E.5.3 R Markdown Render

If the deployed content is an R Markdown document (excluding documents with runtime:shiny) the Rmd file is rendered on the server. If the document is parameterized, the default parameters are used.

The application is presented as deployed. User input is currently required to publish the application and specify any server-side attributes (such as tuning runtime settings, permissions, etc).

E.6 Other Frequently Asked Questions

  1. My app deployed but does not run?

If the application is deployed but does not run, the error message will be caught and displayed in the application log (visible at the app url in Connect on the logs panel).

  1. Can I get more details about the deployment failure?

Yes, set the option “Show diagnostic information after publishing” in Tools -> Global Options -> Publishing

  1. Will database connections work once deployed?

Database connections will only work if the same drivers (and potentially DSNs) are available on the client and on Connect. At this time there is not a linter to check for connection strings.

  1. I use a specific distribution of R (i.e. MRO). Will matching work?

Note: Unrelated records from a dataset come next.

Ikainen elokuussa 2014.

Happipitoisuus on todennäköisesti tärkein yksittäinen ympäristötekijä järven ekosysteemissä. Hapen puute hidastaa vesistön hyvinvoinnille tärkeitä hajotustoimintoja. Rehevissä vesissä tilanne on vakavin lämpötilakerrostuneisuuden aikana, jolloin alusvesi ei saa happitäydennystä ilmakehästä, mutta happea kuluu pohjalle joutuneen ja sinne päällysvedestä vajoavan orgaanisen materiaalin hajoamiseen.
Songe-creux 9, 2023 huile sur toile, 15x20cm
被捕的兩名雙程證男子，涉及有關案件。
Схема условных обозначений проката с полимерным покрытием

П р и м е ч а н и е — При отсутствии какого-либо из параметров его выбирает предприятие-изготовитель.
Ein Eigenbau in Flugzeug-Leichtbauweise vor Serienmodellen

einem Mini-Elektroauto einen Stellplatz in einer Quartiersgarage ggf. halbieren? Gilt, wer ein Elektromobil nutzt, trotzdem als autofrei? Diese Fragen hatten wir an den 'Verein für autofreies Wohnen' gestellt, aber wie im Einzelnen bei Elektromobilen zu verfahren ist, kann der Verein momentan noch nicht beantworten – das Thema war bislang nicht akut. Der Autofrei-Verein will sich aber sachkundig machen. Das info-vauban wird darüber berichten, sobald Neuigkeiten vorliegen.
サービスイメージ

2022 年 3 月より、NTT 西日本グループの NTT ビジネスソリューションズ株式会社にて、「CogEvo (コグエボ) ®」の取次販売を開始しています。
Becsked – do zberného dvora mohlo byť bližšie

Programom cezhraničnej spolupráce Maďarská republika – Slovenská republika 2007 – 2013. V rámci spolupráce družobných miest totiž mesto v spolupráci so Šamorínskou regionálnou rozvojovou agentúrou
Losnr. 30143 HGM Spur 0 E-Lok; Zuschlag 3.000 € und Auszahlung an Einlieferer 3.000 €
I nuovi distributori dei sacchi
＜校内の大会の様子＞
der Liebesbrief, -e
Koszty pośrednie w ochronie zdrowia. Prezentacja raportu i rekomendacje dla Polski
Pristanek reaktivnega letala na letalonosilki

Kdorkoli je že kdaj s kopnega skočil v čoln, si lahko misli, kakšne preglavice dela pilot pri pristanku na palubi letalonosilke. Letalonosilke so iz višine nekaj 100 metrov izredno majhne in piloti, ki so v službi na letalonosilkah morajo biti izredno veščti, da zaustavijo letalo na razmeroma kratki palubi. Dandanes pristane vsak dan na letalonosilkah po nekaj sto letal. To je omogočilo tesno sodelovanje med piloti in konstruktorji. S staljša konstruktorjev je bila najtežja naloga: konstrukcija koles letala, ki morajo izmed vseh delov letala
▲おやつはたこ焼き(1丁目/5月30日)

The version of R written to the manifest will be the version used during runtime.

On the server side, Connect attempts to match the version of R in the manifest as described here.

Currently Connect only matches based on the version - no other supplemental information (such as distribution) is maintained. For that reason, to ensure a specific distribution is used on the server, install only that distribution for the desired version.

  1. Are bundles compressed?

Bundles are not be compressed. Bundles do not need to be read completely into RAM during deployment. Typically the only bottleneck is upload speed. You can specify a maximum bundle size using: getOption("rsconnect.max.bundle.size").